In return, he gained fame and political currency as a pro-poor leader. The then incumbent MP and current State minister Gabriel Aridru, a doctorate degree holder, fled from the threat of a roller-coaster Abiriga and relocated to win Vurra constituency.
It was an anti-climax that a retired Colonel, who forged papers to claim a basic Senior Six and a diploma-holder qualification, would replace an accomplished professional for an urban constituency whose voters accused the minister of deserting them.
Abiriga in the end garnered 8,473 votes in the 2016 poll, beating his nearest challenger by 1,246 votes.
His electoral victory, in spite of other evident failings, inspired many now crowded in the by-election race that it was possible to win the Arua Municipality parliamentary seat, whether inadequate or not.
To critics, late Abiriga, who was brutally assassinated on June 8 near his home in Kawanda, Wakiso District, was a political jester and disgrace in his colourful but short-lived tenure as a legislator.

Cheerleader
He had been a cheerleader in last year’s polarising campaign to scrap the presidential age limit and got convicted for urinating on the perimeter wall fence of Finance ministry headquarters.
Abiriga’s ribald disposition became an ignominy for West Nile, particularly the upper segment, concerned that his obtuse behaviour had become a standard for their reference by others as equivalents.
The intelligentsia began shopping for potential replacements to redeem what they perceived as their smudged reputation and under-par representation.

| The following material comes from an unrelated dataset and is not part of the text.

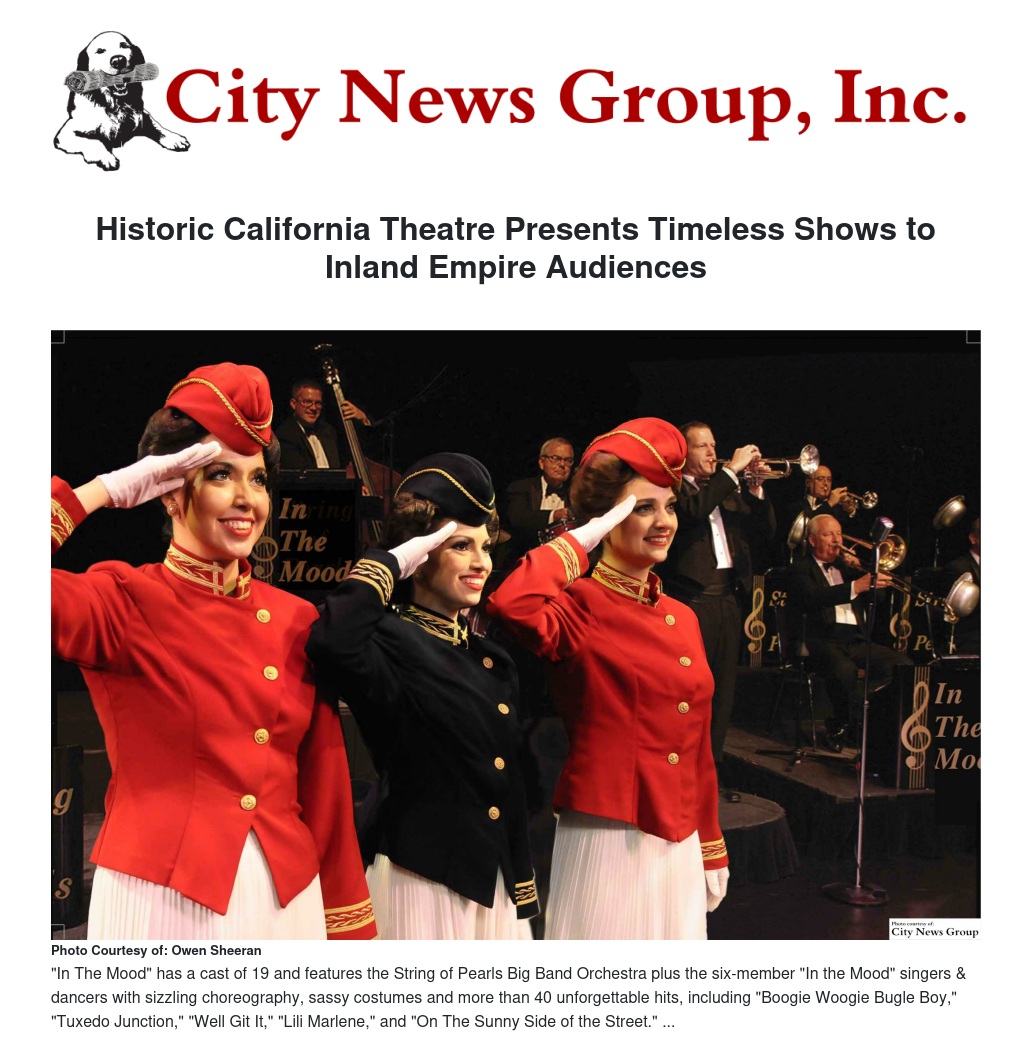 Some orchestral productions that have been featured at the California Theatre include the San Bernardino Symphony and the String of Pearls Big Band Orchestra.

And Abiriga’s sudden demise shortened time for groundwork and consultations for consensus-building among aspirants, resulting in half-a-dozen piling and vying for the seat.

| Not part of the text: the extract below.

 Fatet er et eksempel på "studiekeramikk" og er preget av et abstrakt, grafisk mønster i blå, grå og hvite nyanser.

“I need a candidate who can talk and represent us well, but not people who only say ‘yes, yes’,” said Ms Florence Wa’diko, a voter and FDC supporter in Mvara ward.
The 12 contestants are educated and many are experienced in politics or development work. And there are impressive firsts, civility and sophistication in the vote canvassing process thus far.
Arua District NGO Network (ADINGON), a local civil society, yesterday planned to bring the contenders for an unprecedented joint debate that was to be broadcast live on local FM radio stations.
The purpose: tease out the real issues that matter to voters, according to organisers.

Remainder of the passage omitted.